### DATA FOR REVIEW
*** Begin section ***
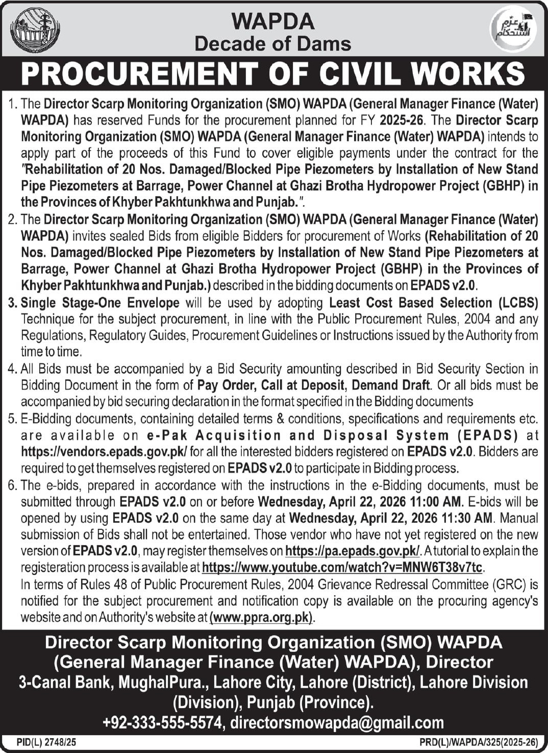 Buildings, Construction, Engineering, Repair & Maintenance, Roads, WAPDA, Water Supply Scheme / Drains / Sewerage
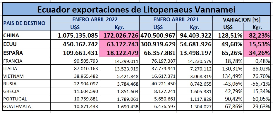 Cuando observamos las importaciones de langostinos a esos países, se detecta que tanto China, Estados Unidos y España, (este último en menor volumen y medida) han importado desde Ecuador volúmenes muy importantes del langostino de cultivo Litopenaeus Vannamei, comúnmente llamado en la jerga Vannamei.
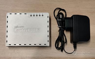 Vendo Mikrotik RB750GL, 5 porte Gigabit, aggiornato all'ultima versione di RouterOS (7.21), in buone condizioni, con alimentatore compatibile, no scatola.
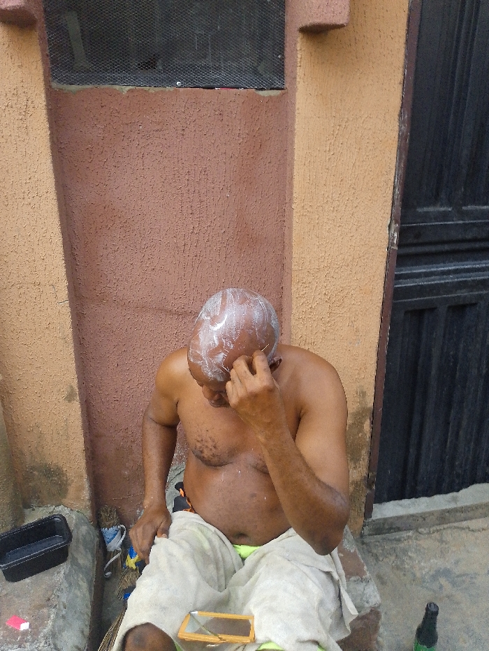 A shirtless man sits outside with shaving cream lathered on his bald head, fingers applying more. He is wearing light-colored pants and is seated near a building with a brown and beige wall. A small black container, a broken mirror, and a bottle are on the ground nearby. The scene appears to be a makeshift shaving setup outdoors.
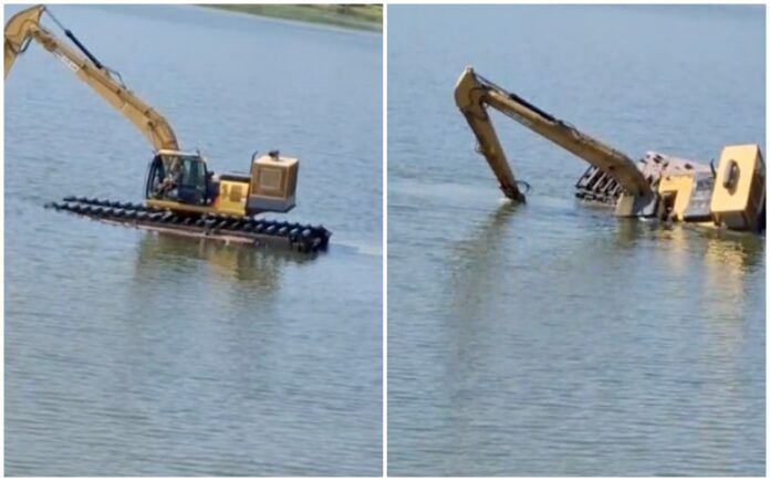 Incidentul a fost filmat și a apărut pe internet. Pe imagini se observă cum utilajul dispare în apă.
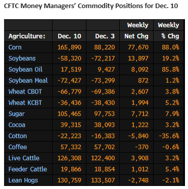 COT data attached, with managed money movement shown on the table below. Big fund buying in corn, pushing their net long up to 165k. The market pulled back at the end of the week, but with USDA showing us a declining carryout projection it’s possible the funds sit tight with their length going into the winter.
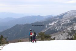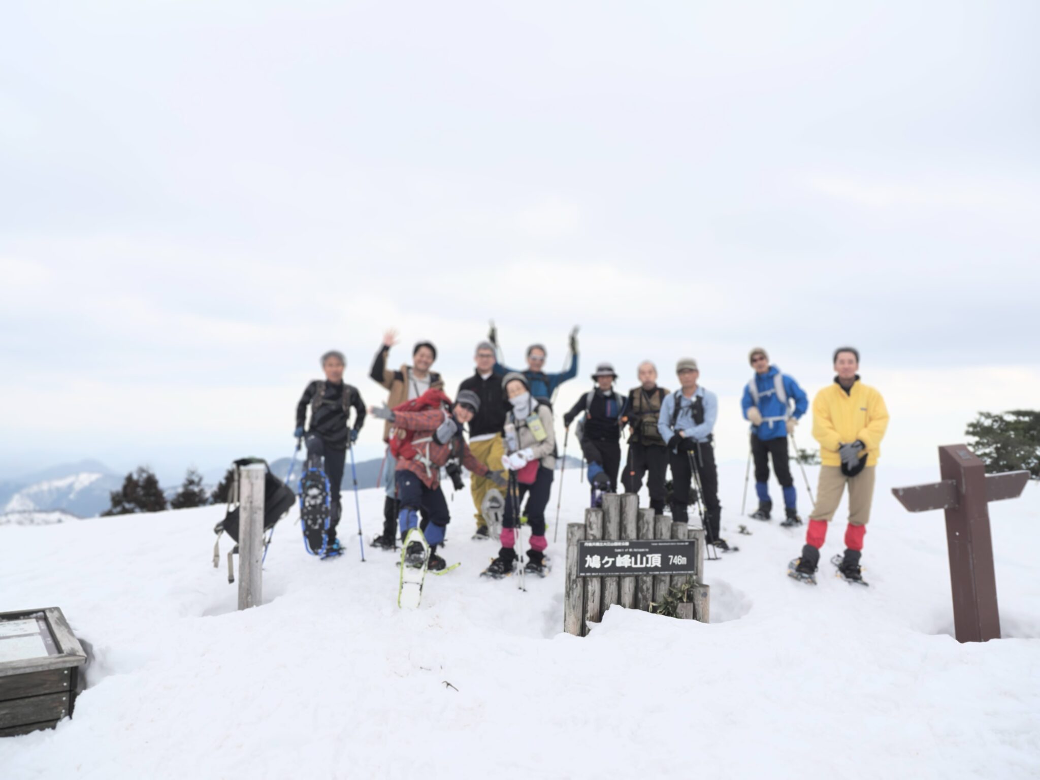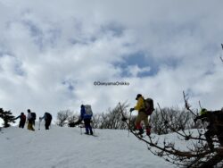 肝心な山頂に到着した時には運悪く雲に覆われてしまいましたが、その前後は青空の下で過ごすことができ残雪に覆われた丹後・中丹の風景を見ていただけたりと恵まれたスノーハイクデー。
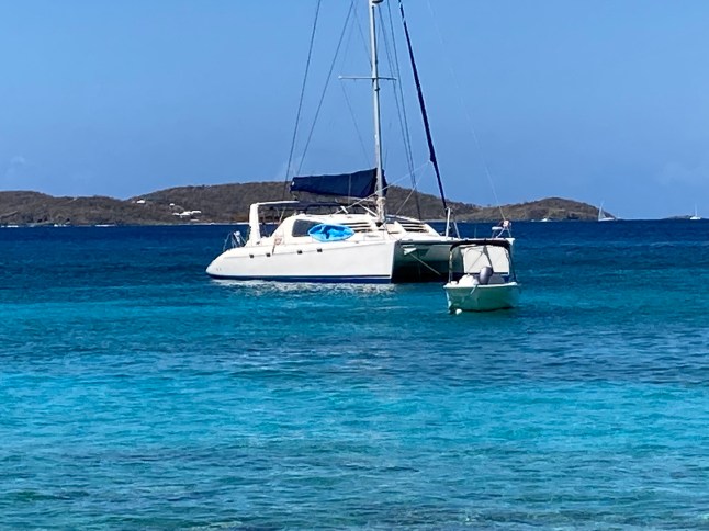 The new footage shows the couple walking on a jetty in Cruz Bay before they board a dinghy to Bane’s 47ft,£500,000 Siren Song catamaran,just six hours before Sarm was reported missing.
*** End section ***
Leaving each image aside, repeat the listing above exactly.

 Buildings, Construction, Engineering, Repair & Maintenance, Roads, WAPDA, Water Supply Scheme / Drains / Sewerage
 Cuando observamos las importaciones de langostinos a esos países, se detecta que tanto China, Estados Unidos y España, (este último en menor volumen y medida) han importado desde Ecuador volúmenes muy importantes del langostino de cultivo Litopenaeus Vannamei, comúnmente llamado en la jerga Vannamei.
 Vendo Mikrotik RB750GL, 5 porte Gigabit, aggiornato all'ultima versione di RouterOS (7.21), in buone condizioni, con alimentatore compatibile, no scatola.
 A shirtless man sits outside with shaving cream lathered on his bald head, fingers applying more. He is wearing light-colored pants and is seated near a building with a brown and beige wall. A small black container, a broken mirror, and a bottle are on the ground nearby. The scene appears to be a makeshift shaving setup outdoors.
 Incidentul a fost filmat și a apărut pe internet. Pe imagini se observă cum utilajul dispare în apă.
 COT data attached, with managed money movement shown on the table below. Big fund buying in corn, pushing their net long up to 165k. The market pulled back at the end of the week, but with USDA showing us a declining carryout projection it’s possible the funds sit tight with their length going into the winter.
 肝心な山頂に到着した時には運悪く雲に覆われてしまいましたが、その前後は青空の下で過ごすことができ残雪に覆われた丹後・中丹の風景を見ていただけたりと恵まれたスノーハイクデー。
 The new footage shows the couple walking on a jetty in Cruz Bay before they board a dinghy to Bane’s 47ft,£500,000 Siren Song catamaran,just six hours before Sarm was reported missing.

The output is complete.